Extracted information>
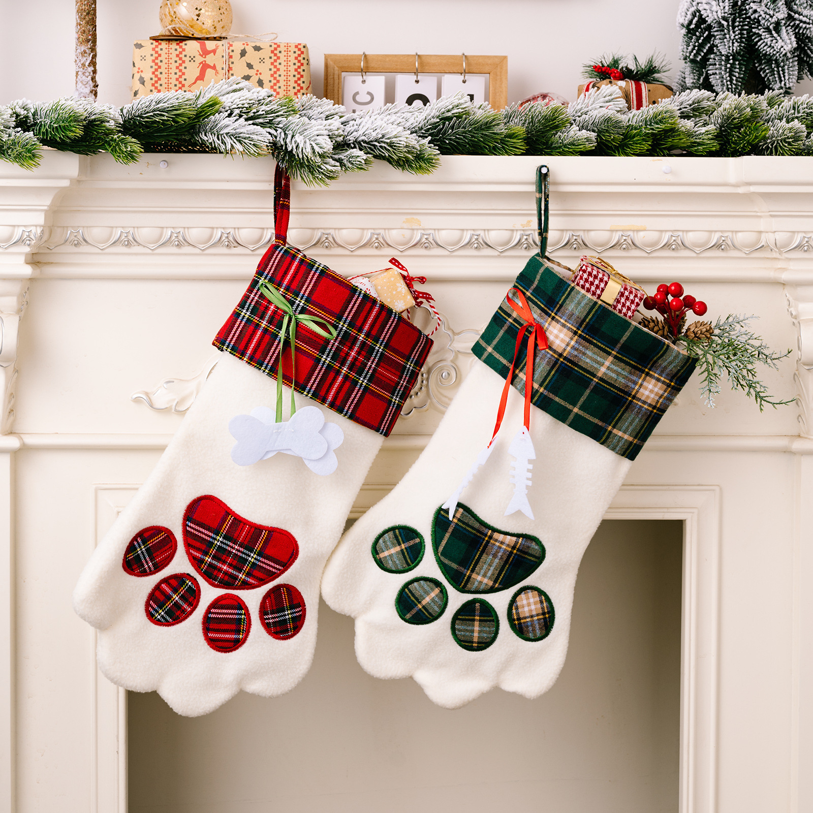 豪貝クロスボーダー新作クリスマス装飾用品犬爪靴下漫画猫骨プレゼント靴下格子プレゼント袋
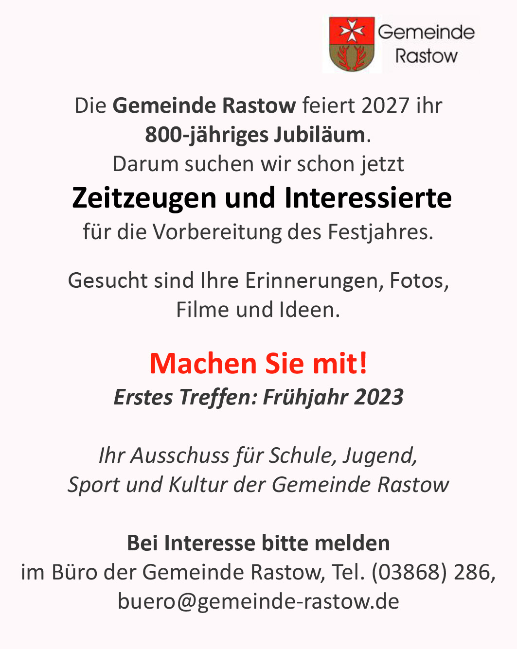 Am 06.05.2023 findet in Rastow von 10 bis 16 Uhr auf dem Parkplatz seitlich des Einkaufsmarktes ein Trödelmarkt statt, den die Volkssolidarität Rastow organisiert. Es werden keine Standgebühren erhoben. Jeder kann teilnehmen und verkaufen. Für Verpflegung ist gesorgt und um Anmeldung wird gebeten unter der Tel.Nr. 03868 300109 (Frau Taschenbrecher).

--

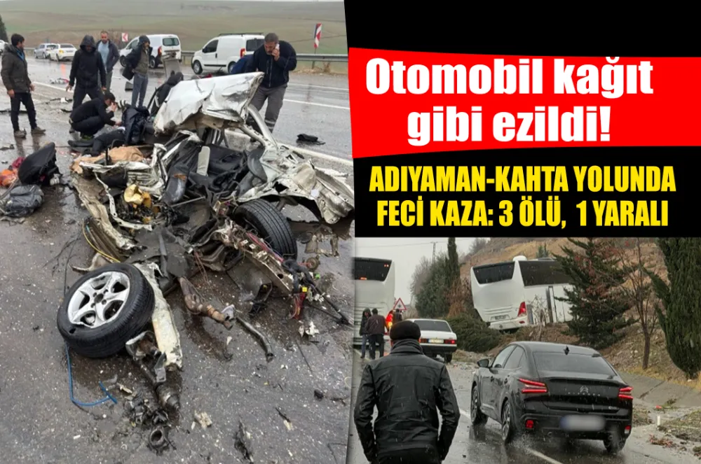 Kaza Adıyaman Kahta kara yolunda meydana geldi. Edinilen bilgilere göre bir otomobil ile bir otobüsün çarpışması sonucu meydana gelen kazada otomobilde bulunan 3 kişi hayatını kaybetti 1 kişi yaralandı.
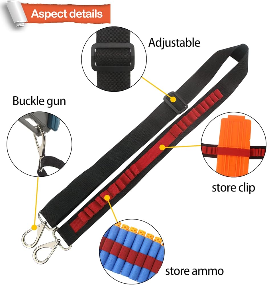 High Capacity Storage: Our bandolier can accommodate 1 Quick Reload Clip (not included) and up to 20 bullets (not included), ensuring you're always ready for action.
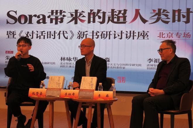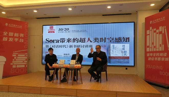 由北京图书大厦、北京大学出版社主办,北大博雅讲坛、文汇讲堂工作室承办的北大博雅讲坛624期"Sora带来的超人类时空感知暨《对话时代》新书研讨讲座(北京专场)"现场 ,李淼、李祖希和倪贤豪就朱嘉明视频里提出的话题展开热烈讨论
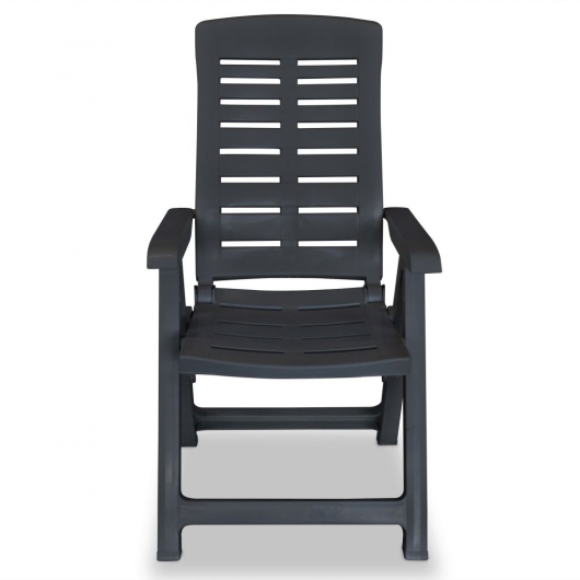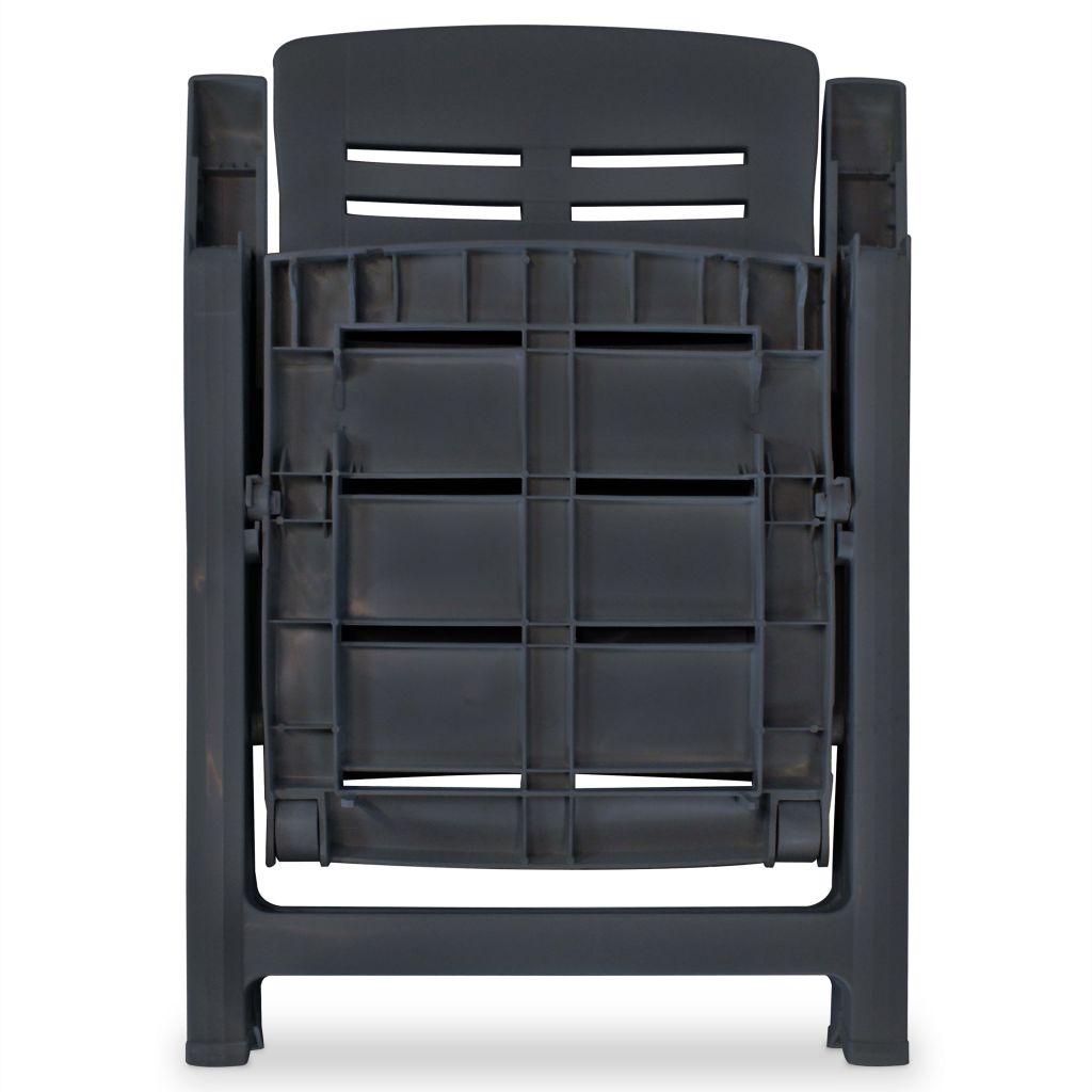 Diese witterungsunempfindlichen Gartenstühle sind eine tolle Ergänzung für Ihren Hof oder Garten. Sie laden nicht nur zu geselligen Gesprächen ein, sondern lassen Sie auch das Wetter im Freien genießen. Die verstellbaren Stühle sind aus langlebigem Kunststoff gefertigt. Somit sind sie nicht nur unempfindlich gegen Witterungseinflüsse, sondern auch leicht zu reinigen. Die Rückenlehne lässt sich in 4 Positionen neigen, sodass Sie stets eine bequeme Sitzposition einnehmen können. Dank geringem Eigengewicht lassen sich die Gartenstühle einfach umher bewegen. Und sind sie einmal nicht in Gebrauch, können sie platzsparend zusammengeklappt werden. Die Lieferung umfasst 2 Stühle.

Problem> Write back the stretch of lines above that begins with the line holding "Kaza Adıyaman Kahta" and ends with the line holding "Diese witterungsunempfindlichen Gartenstühle", both included, exactly as written. Pictures stay out.

Solved problem>
 Kaza Adıyaman Kahta kara yolunda meydana geldi. Edinilen bilgilere göre bir otomobil ile bir otobüsün çarpışması sonucu meydana gelen kazada otomobilde bulunan 3 kişi hayatını kaybetti 1 kişi yaralandı.
 High Capacity Storage: Our bandolier can accommodate 1 Quick Reload Clip (not included) and up to 20 bullets (not included), ensuring you're always ready for action.
 由北京图书大厦、北京大学出版社主办,北大博雅讲坛、文汇讲堂工作室承办的北大博雅讲坛624期"Sora带来的超人类时空感知暨《对话时代》新书研讨讲座(北京专场)"现场 ,李淼、李祖希和倪贤豪就朱嘉明视频里提出的话题展开热烈讨论
 Diese witterungsunempfindlichen Gartenstühle sind eine tolle Ergänzung für Ihren Hof oder Garten. Sie laden nicht nur zu geselligen Gesprächen ein, sondern lassen Sie auch das Wetter im Freien genießen. Die verstellbaren Stühle sind aus langlebigem Kunststoff gefertigt. Somit sind sie nicht nur unempfindlich gegen Witterungseinflüsse, sondern auch leicht zu reinigen. Die Rückenlehne lässt sich in 4 Positionen neigen, sodass Sie stets eine bequeme Sitzposition einnehmen können. Dank geringem Eigengewicht lassen sich die Gartenstühle einfach umher bewegen. Und sind sie einmal nicht in Gebrauch, können sie platzsparend zusammengeklappt werden. Die Lieferung umfasst 2 Stühle.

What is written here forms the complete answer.